= David Staines =

Canadian literary critic

David McKenzie Staines, (born August 8, 1946) is a Canadian literary critic, university professor, writer, and editor.

Staines was born in Toronto, Ontario, and studied at the University of Toronto, where he obtained a BA in 1967, and at Harvard University, where he obtained an MA in 1968 and a PhD in 1973. Staines graduated from St. Michael's College School, a private academic high school in Toronto.

After a career that saw him teach at Harvard, the University of Prince Edward Island, Smith College, Mount Holyoke College, and UMass Amherst, Staines became a professor of English at the University of Ottawa. Staines specializes in three particular areas: medieval, Victorian and Canadian literatures, with particular interest in the relationship between literature and its social context.

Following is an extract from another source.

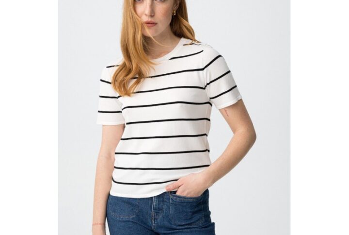 Camisa morgan blanca satinadacon rayas negro modelo Cline

In his studies of medieval literature Staines has examined the evolution of romance traditions, which resulted in a landmark new translation of the classic tales of Chrétien de Troyes: The Complete Romances of Chrétien de Troyes (1990). He is also an authority on Arthurian legends.

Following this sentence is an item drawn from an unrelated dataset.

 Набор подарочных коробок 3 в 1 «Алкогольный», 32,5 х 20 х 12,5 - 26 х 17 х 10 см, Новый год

Staines is particularly active in the field of Canadian studies, for example, as editor of the scholarly Journal of Canadian Poetry since 1986 and general editor of McClelland and Stewart's New Canadian Library series since 1988. He has published a number of major essay collections, including The Canadian Imagination (1977), a book that introduced Canadian literature and literary criticism to an American audience, as well as studies on Morley Callaghan and Stephen Leacock.

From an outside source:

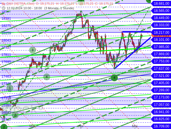 Dazu müsste der DAX aber nun zuerst in das Rechteck unterhalb von 18.270 Punkten zurückfallen. Dann wäre zumindest der bullishe Ausbruch aus dem aufsteigenden Dreieck auf neue Erholungshochs im Rahmen der Welle 5 hinfällig. Doch erst wenn die Kurse auch die Mittellinie bei 17.915 Zählern und damit das Tief des letzten Rücksetzers unterschreiten, nimmt das bearishe Elliott-Wellen-Szenario einer zweiten Abwärtswelle Form an.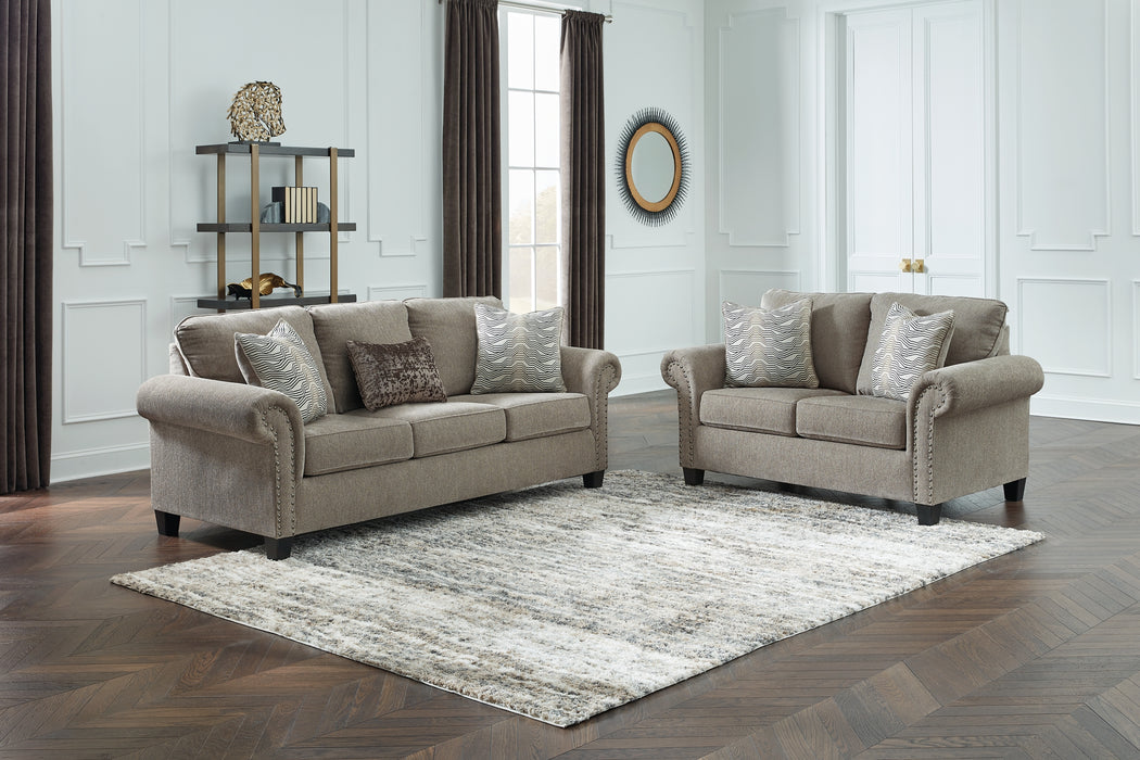 Details Includes sofa and loveseat, Corner-blocked frame, Attached backs and loose seat cushions, High-resiliency foam cushions wrapped in thick poly fiber, Accent pillows included, Pillows with soft polyfill, Polyester chenille upholstery, Black nickel-tone nailhead trim, Exposed feet with faux wood finish, Platform foundation system resists sagging 3x better than spring system after 20,000 testing cycles by providing more even support, Smooth platform foundation maintains tight, wrinkle-free look without dips or sags that can occur over time with sinuous spring foundations

He is also interested in farming, in particular, the raising of livestock, such as donkeys.

Staines was awarded the Royal Society of Canada's Lorne Pierce Medal in 1998. He was also member of the jury for the Giller Prize in 1994, 1995, 1996 and 2003. In 2005, he was made a Fellow of the Royal Society of Canada. In 2011, he was awarded the Order of Ontario for helping to establish the Giller Prize, Canada's highest award for fiction, and the Charles Taylor Prize for Literary Non-Fiction. In 2011, he was made a Member of the Order of Canada "for his contributions as a champion of Canadian literature and mentor to young writers."